Ms. Thomas said she was “intrigued,” and she and Mr. Fulton soon became fast friends, dining together on many nights after he had kept her company during the entire length of her bus route.
“There was this connection between us that we couldn’t deny,” Ms. Fulton said. ”I couldn’t stop thinking about him.”
Though both were attracted to each other, they were dating other people at that time, so what began as a hot start had cooled off considerably, and then Ms. Thomas graduated, and she and Mr. Fulton went their separate ways.

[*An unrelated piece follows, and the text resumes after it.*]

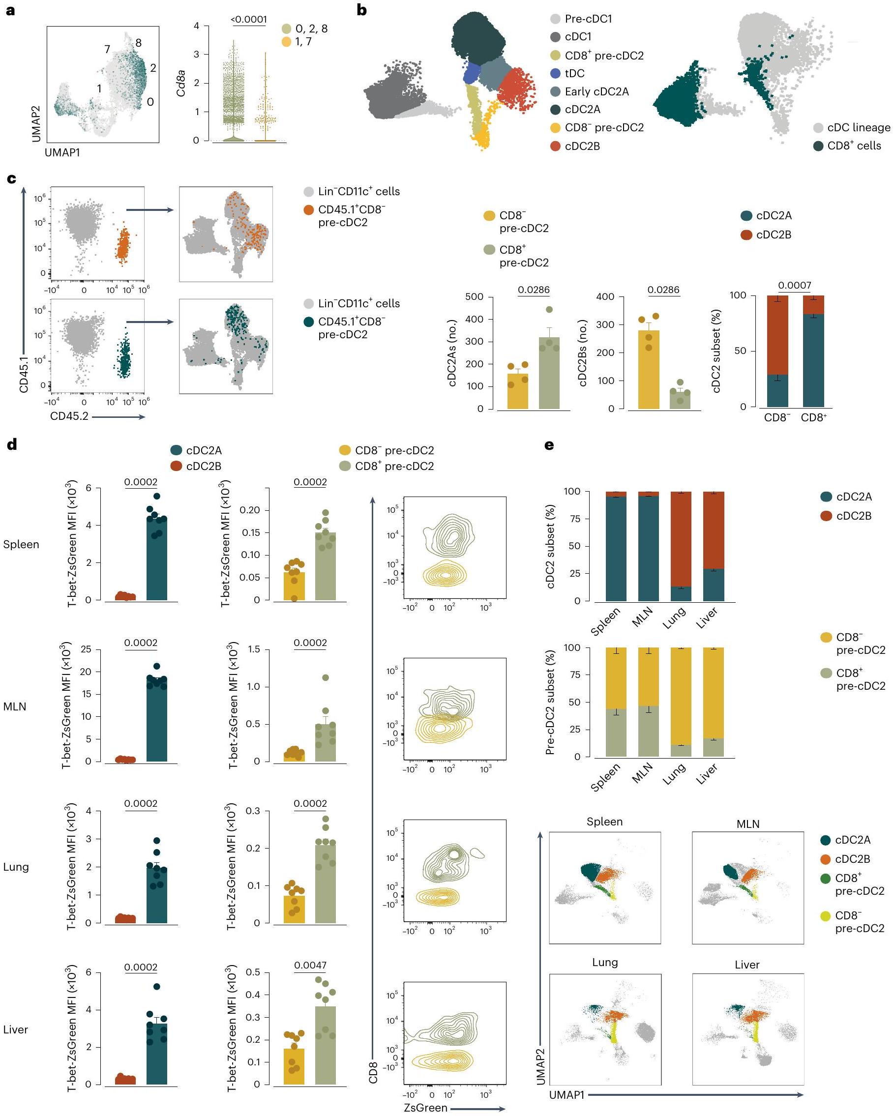 الشكل 3 | الخلايا الجذعية المحيطية pre-cDC2s مائلة نحو مصير cDC2A أو cDC2B. أ، رسم بياني للميزات (يسار) ورسم بياني على شكل كمان (يمين) يظهر تعبير Cd8a على UMAP المدمج أو في مجموعات الكتل 0 و 2 و 8، أو 1 و 7، كما في الشكل 2b-d. ب، UMAP تمثيلي لتحليل تدفق السيتومتر للخلايا الجذعية pre-cDC والسكان cDC التي تم إنشاؤها على CD11c.لينالخلايا باستخدام CD11c، MHC-II، CD26، CD64، CD88، XCR1، SIRPإسام، CLEC12A، CD11b، CD43، CD135، CD117، Ly6C و CD8 (يسار)، و CD8 الخلايا المرسومة فوق UMAP (يمين). ج، CD45.2cDC2s (المستمدة من CD8أو CD8تم استرداد (pre-cDC2s) من الطحال لفئران المتلقين CD45.1 وتم وضعها على UMAP تمثل سلالة cDC للمضيف (يسار) وتحليل تدفق الخلايا يظهر العدد والنسبة المئوية لـ WT CD45.2 EsamcDC2As و CLEC12Aتم استرداد cDC2Bs من الطحال لمتلقّي الفئران WT CD45.1 بعد 3 أيام من نقل CD8و CD8تجمعات CD45.2 pre-cDC2s (يمين). يتم توضيح التجمعات في ب. د، متوسط شدة الفلورة ZsGreen (بعد الطرح من) خلفية الفلورة الذاتية) في cDC2As و cDC2Bs أو CD8أو CD8خلايا ما قبل cDC2 من فئران T-bet-ZsGreen ومخططات تدفق تمثيلية مع م overlaypre-cDC2s وpre-cDC2s في الطحال، MLN، الرئة والكبد توضح تعبير T-bet-ZsGreen (شدة الفلورية) في كل مجموعة من pre-cDC2. e، نسبة cDC2As و cDC2Bs أو CD8أو CD8 pre-cDC2s في الطحال، العقد اللمفية المتوسطة، الرئة والكبد، وUMAP التمثيلي للطحال، العقد اللمفية المتوسطة، الرئة والكبد يظهر المجموعات التي تحتوي على cDC2As وcDC2Bs أو CD8أو CD8pre-cDC2s. في ج، د، كل نقطة تمثل فأراً واحداً (في و في د، هـ)؛ تم تجميع البيانات من تجربتين (المتوسط س.م.; الوسيط IQR لرسم الكمان). في (ج-هـ)، تأتي الكميات من UMAPs (كما هو موضح في وشكل البيانات الموسعة الشكل 4c-e). اختبار مان-ويتني ذو الذيلينتم استخدام -test للمقارنة.القيم موضحة أعلاه الرسوم البيانية. في بعض الأنسجة (الشكل 3أ، الشكل التمديدي 4ج-هـ والجدول التكميلي 2). باستخدام تحليل تدفق الخلايا، أكدنا أنتضمنت خلايا ما قبل cDC2s خلايا CD8و CD8الخلايا (الشكل 3ب والشكل الإضافي 4أ، ج-هـ). تحليل UMAP لـخلايا الطحال ملونة لعدة علامات cDC و pre-cDC موضوعة CD8pre-cDC2s على فرع يؤدي إلى cDC 2 B، وpre-cDC2s على مسار متميز يؤدي إلى cDC2A (الشكل 3b والشكل الإضافي 4c,d). قمنا بفرز CD8 من الطحالما قبل cDC2s و CD8pre-cDC2s (الشكل 4a من البيانات الموسعة) وتم إجراء تحليل تسلسل RNA الكمي الشامل (الشكل 5a من البيانات الموسعة). تم استخدام الجينات المعبر عنها بشكل مختلف (DEGs) من أي من السكان (الجدول التكميلي 3) كعلامة جينية، والتي عند تراكبها على تحليل UMAP السابق لتسلسل RNA أحادي الخلية (الشكل 5b من البيانات الموسعة)، أشارت إلى أن CD8كان قادرًا بالفعل على فصل المكونات المحتملة لـ cDC2As (CD8pre-cDC2s) و cDC2Bs (CD8pre-cDC2s) في طحال الفأر (الشكل 5b من البيانات الموسعة). كما أشار هذا التحليل إلى أنه على الرغم من أن tDCs تعبر عن CD8كان ملف تعبير الجينات لديهم مميزًا عن ذلك الخاص بـ CD8pre-cDC2s (الشكل 5a من البيانات الموسعة).

In the ensuing years each of them married other people and each had two daughters. But by 2014, both were divorced. She was living and working in Manhattan, and he was doing the same in Washington. One day that year, Mr. Fulton was reading a Harvard alumni letter when he noticed Ms. Thomas’s email address.
He reached out and she responded “rather quickly,” he said, and so began a correspondence that she said “I didn’t really pay much attention to in the beginning.”
“He began sending me emails and calling me to get together for drinks and to catch up on things,” Ms. Thomas said. “I even bumped into him at a few alumni events, but I was cynical about getting together one on one, so for the next two years I kept doing my best to change the subject and steer the conversation away from romantic territory.”
But Mr. Fulton persisted, and when Ms. Thomas went to visit her sister, who also lived in Washington, and did not look him up while she was in town, he wondered why.
In fact, Ms. Thomas’s sister was wondering much the same.
“My sister was like, ‘You’re dating other guys and it’s going nowhere, so what do you have to lose by going out with Bernard?’”
Ms. Thomas took her sister’s advice, and in November 2016, she finally accepted one of Mr. Fulton’s invitations to dinner at a Washington restaurant.
“She was as gorgeous as ever,” Mr. Fulton said.
Ms. Thomas said that she had gone to meet him that day, “never thinking I would be romantically attracted to him, but I was.”
They hit it off again, and began dating immediately.
“He’s everything I’ve ever wanted in a life partner,” Ms. Thomas said. “Though I have been married before, I never knew that I could be loved in the way that he loves me.”